More recently, Weiss et al. (2013) reported a prospective, large library virtual screen of 3.4 million molecules, yielding four full agonists and two partial agonists. The exploration of features that confer selectivity to the designed compounds has also been investigated by Xing et al. (2009). The authors developed a selective pharmacophore model based on a series of selective β2AR agonists, presenting the first study using a ligand-based computational approach to generate specific three-dimensional pharmacophore hypotheses for the β2AR from its selective agonists. The best pharmacophore hypothesis consisted of five chemical features (one hydrogen-bond acceptor, one hydrogen-bond donor, two ring aromatic, and one positive ionizable feature). The result was in accordance with the reported interactions between the β2AR and agonists. Interestingly, the pharmacophore hypothesis can perfectly differentiate β2-agonists from β1-agonists, providing a valuable tool for virtual screening to find selective compounds against β2AR.

Endothelin receptors

In mammals, endothelins (ETs) are potent regulators of vessel functions involved in the pathophysiology of cancer, congestive heart failure, cardiovascular, proteinuria, and glomerulosclerosis.
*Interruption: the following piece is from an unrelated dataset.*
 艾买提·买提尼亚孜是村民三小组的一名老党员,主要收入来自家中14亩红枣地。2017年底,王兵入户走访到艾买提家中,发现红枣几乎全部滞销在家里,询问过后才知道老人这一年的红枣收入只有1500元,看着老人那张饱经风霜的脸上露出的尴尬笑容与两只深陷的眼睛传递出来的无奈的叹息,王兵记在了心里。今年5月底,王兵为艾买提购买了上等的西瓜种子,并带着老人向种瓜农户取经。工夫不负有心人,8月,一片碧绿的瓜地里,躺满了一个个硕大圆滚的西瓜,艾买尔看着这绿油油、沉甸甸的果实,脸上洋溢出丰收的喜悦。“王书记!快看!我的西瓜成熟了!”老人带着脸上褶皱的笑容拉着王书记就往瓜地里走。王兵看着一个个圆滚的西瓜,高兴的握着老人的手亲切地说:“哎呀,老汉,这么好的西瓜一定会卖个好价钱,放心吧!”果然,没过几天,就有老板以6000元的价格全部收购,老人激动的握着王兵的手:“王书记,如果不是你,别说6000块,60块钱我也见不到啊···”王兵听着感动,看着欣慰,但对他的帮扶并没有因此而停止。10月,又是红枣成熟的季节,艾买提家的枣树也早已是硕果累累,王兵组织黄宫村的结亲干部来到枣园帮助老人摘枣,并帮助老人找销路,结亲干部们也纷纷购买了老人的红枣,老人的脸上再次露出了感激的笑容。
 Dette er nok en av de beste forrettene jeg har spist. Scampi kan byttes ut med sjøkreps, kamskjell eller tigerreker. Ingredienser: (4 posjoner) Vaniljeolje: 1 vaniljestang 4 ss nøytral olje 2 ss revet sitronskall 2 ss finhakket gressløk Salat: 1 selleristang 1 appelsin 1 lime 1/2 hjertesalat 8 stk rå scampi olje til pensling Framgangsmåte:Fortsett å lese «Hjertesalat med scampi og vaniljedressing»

These peptides (ET1-3) exert their biological effects via activation of four ET receptors, ETA, ETB1, ETB2, and ETC. Activation of the ETA receptor is associated with pronounced vasoconstriction whereas ETB receptor occupation is linked to vasodilation. In addition, other subtypes of the ETB receptor exist, one mediating vasodilation (ETB1) and the other eliciting constriction (ETB2). An additional receptor subtype, ETC, has been identified although its physiological significance is uncertain (Pollock et al., 1995)
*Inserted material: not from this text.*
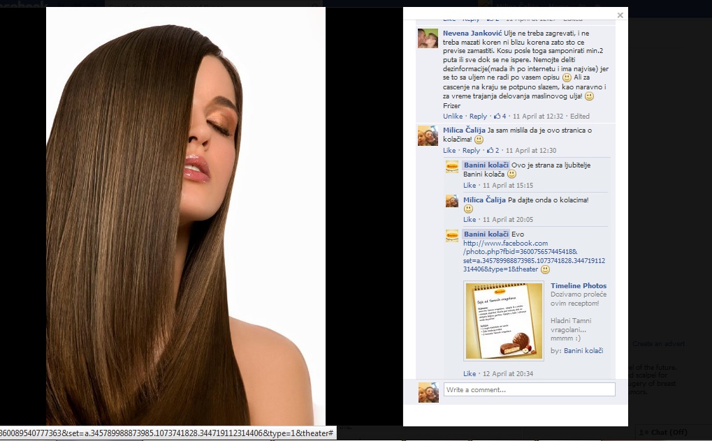 zamislite, kolačima, koji je tada bio star 9 dana, u stilu „evo ti, na, a sada da se vratimo pranju kose“. Znate, opasno je kada se čovek površno bavi nečim. Kada površno učite o online PR-u, naići ćete na savet da treba postovati i o drugim sadržajima, nevezanim, nužno, za Vaš proizvod. Ali, ako dublje udjete u ovaj savet, morali biste naučiti da sadržaji ipak moraju imati logičku vezu sa Vašim proizvodom, nekim njegovim sastojkom i sl, ili se mogu ticati aktuelnosti iz ugla Vas kao proizvodjača. Takodje biste morali znati da u ravnoteži dobrog PR-a nerelevantni sadržaji ne smeju da predju 30%. Što se tiče informacija o proizvodima, niko ne brani, štaviše, poželjno je, bitne činjenice ponavljati i parafrazirati, jer, prostim pogledom na statistiku, shvatićete da nisu baš uvek svi fanovi videli sve, uostalom, retko ko je baš stalno na mreži. Kada se i u narednim danima na Baninijevoj stranici kozmetički PR nastavio, „odlajkovala“ sam stranicu. I to teška srca, jer sam u offline životu veliki fan Baninijevih zlatnih cvetova i Gustava sa čokoladom, pa bi mi, na primer, značila informacija kada su ti proizvodi na akcijskim sniženjima (a bili su, ali na FB stranici nije bilo pomena), i slične informacije o proizvodima, a ne recepti za sjajniju kosu. Nažalost, dokle god je „broj lajkova“ merilo po kome se proizvodjaču naplaćuje vodjenje stranice, ne može se govoriti ni o kakvom uticaju na rast prodaje. A zahvaljujući takvom diletantskom „radu“ na FB-u ne čudi podozriv stav srpskih fabrika prema ovom novom mediju. Jer ovde je onaj koji treba da dâ proizvodu dodatnu vrednost, uradio upravo suprotno.
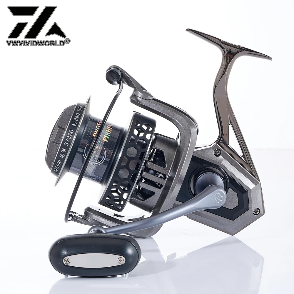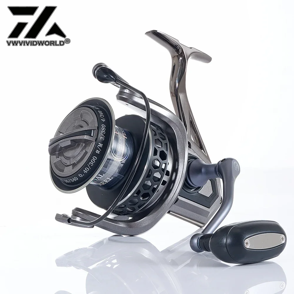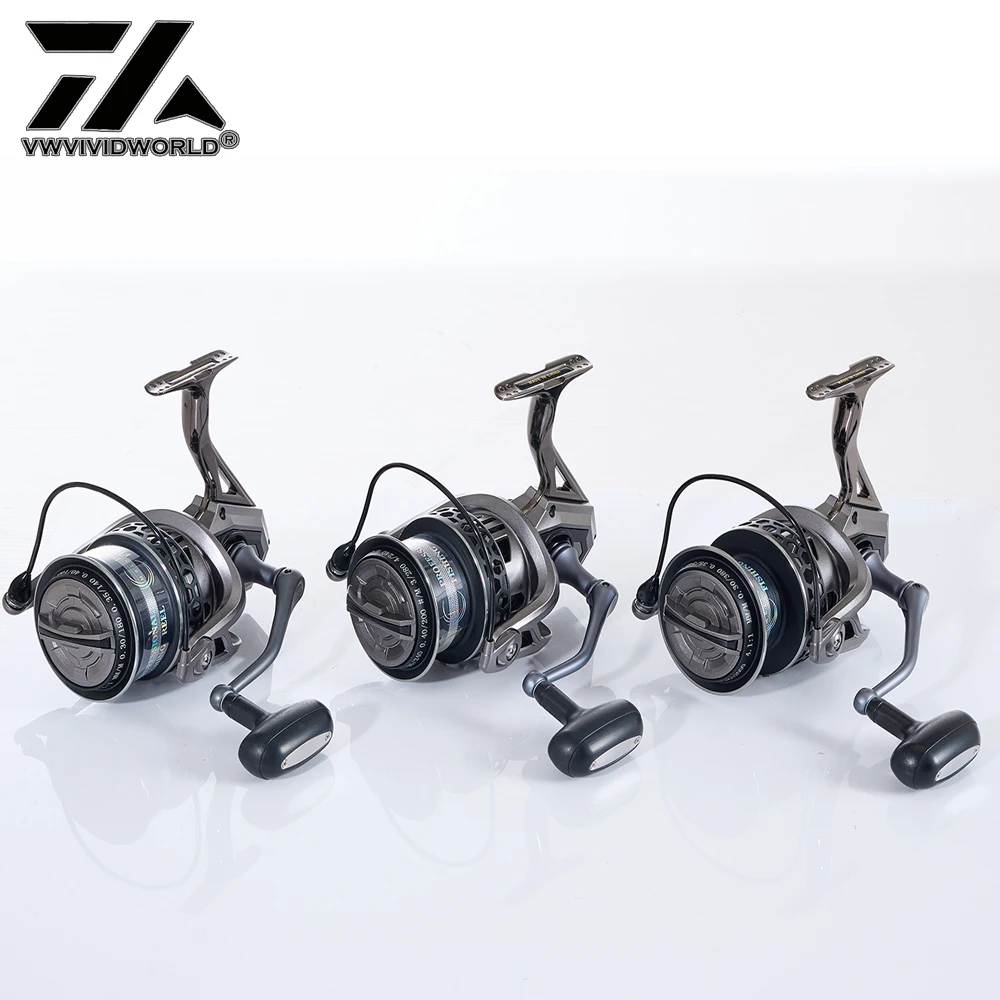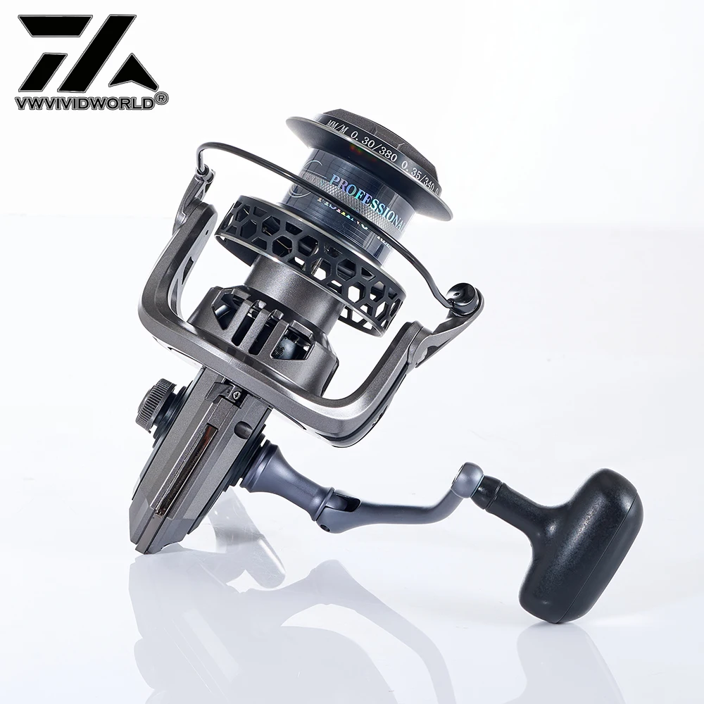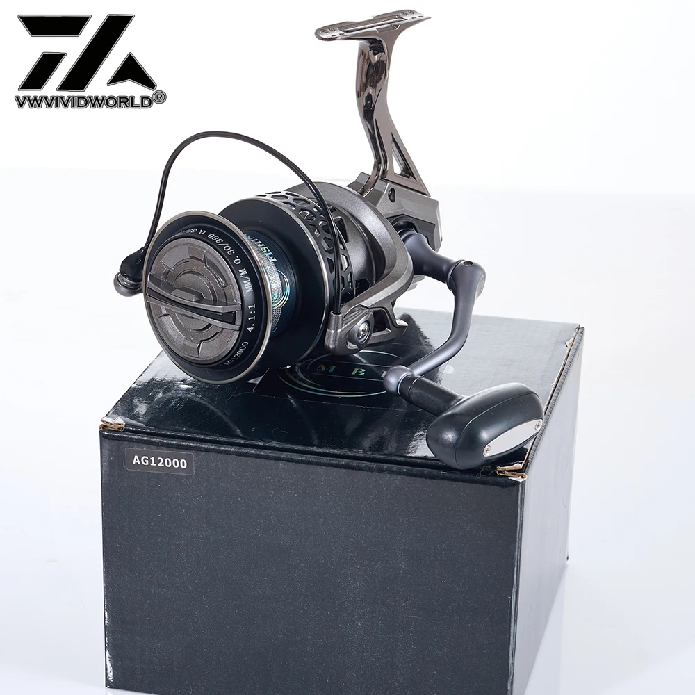 VWVIVIDWORLD, arrastre 8000-12000,15KG, carrete de pesca de agua salada, carrete de aleación, rodamiento de acero, engranaje de aleación, brazo de Metal, carrete giratorio para barco de mar

Funk et al. (2004) applied a pharmacophore model of endothelin-A (ETA) selective receptor antagonists for screening a chemical database and identified two structurally novel lead compounds with satisfactory affinity for ETA receptor.

Angiotensin receptors

Angiotensins are oligopeptides that exert their biological actions through the binding to specific angiotensin receptors (AT1, AT2, AT3, and AT4 receptors). It has been demonstrated that these receptors could be targeted for developing novel effective drugs for the treatment of hypertension, cardiovascular disorders, diabetic nephropathy, atherosclerosis (Goodfriend et al., 1996).

A series of symmetrically bis-substituted imidazole analogs has been designed based on docking studies, utilizing for the first time an extra hydrophobic binding cleft of the modeled AT1 receptor (Agelis et al., 2013). Four of the synthesized compounds showed high binding affinity to the AT1 receptor and high antagonistic activity (potency) similar or even superior to that of Losartan.
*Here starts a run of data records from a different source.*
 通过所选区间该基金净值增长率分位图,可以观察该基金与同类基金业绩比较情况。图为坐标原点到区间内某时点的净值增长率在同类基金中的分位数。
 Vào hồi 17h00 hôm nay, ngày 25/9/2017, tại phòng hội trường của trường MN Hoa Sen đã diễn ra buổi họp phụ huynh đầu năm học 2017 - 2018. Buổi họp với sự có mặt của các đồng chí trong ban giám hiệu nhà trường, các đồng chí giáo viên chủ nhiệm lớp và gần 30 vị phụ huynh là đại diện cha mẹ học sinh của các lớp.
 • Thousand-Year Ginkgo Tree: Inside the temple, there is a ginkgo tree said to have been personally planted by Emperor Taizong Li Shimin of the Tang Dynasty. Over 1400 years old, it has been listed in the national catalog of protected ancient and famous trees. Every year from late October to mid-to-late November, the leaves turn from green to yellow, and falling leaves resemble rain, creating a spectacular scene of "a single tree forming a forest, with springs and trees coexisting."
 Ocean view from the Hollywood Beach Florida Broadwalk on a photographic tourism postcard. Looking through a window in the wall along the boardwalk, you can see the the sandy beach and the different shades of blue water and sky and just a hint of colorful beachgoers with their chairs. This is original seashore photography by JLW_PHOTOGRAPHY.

In an attempt to identify new AT1 receptor antagonists Pal and Paliwal (2012) developed a pharmacophore-based virtual screening protocol, which led to the identification of two active AT1 receptor antagonists with diverse structures (Pal and Paliwal, 2012).

Drug Design and Discovery in Neurological Disorders and Pain

Dopamine receptors

Dopamine exerts its function via five different receptors (D1, D2, D3, D4, and D5 receptors). This system plays a pivotal role in central nervous system and has been demonstrated to be involved in a series of neurological and psychiatric diseases such as Parkinson’s disease, schizophrenia, bipolar disorder, drug addiction, and Huntington’s disease (Pivonello et al., 2007; Beaulieu and Gainetdinov, 2011). The discovery of ligands able to modulate the dopaminergic system remains challenging and a lot of computational efforts were carried out for selecting potent and selective ligands.

In 2010, the crystal structure of D3 receptor was solved, which definitely confirmed the utility of homology models in GPCRs drug discovery (Chien et al., 2010). Indeed, Carlsson et al. (2011) docked over 3.3 million molecules against a homology model, and 26 of the highest ranking were tested for binding. Six had affinities ranging from 0.2 to 3.1 μM. Subsequently, the crystal structure was used and the docking screen repeated. Of the 25 compounds selected, five showed affinities ranging from 0.3 to 3.0 μM. One of the new ligands from the homology model screen was optimized reaching an affinity to 81 nM. The paper clearly demonstrated the feasibility of high throughput docking using modeled GPCRs.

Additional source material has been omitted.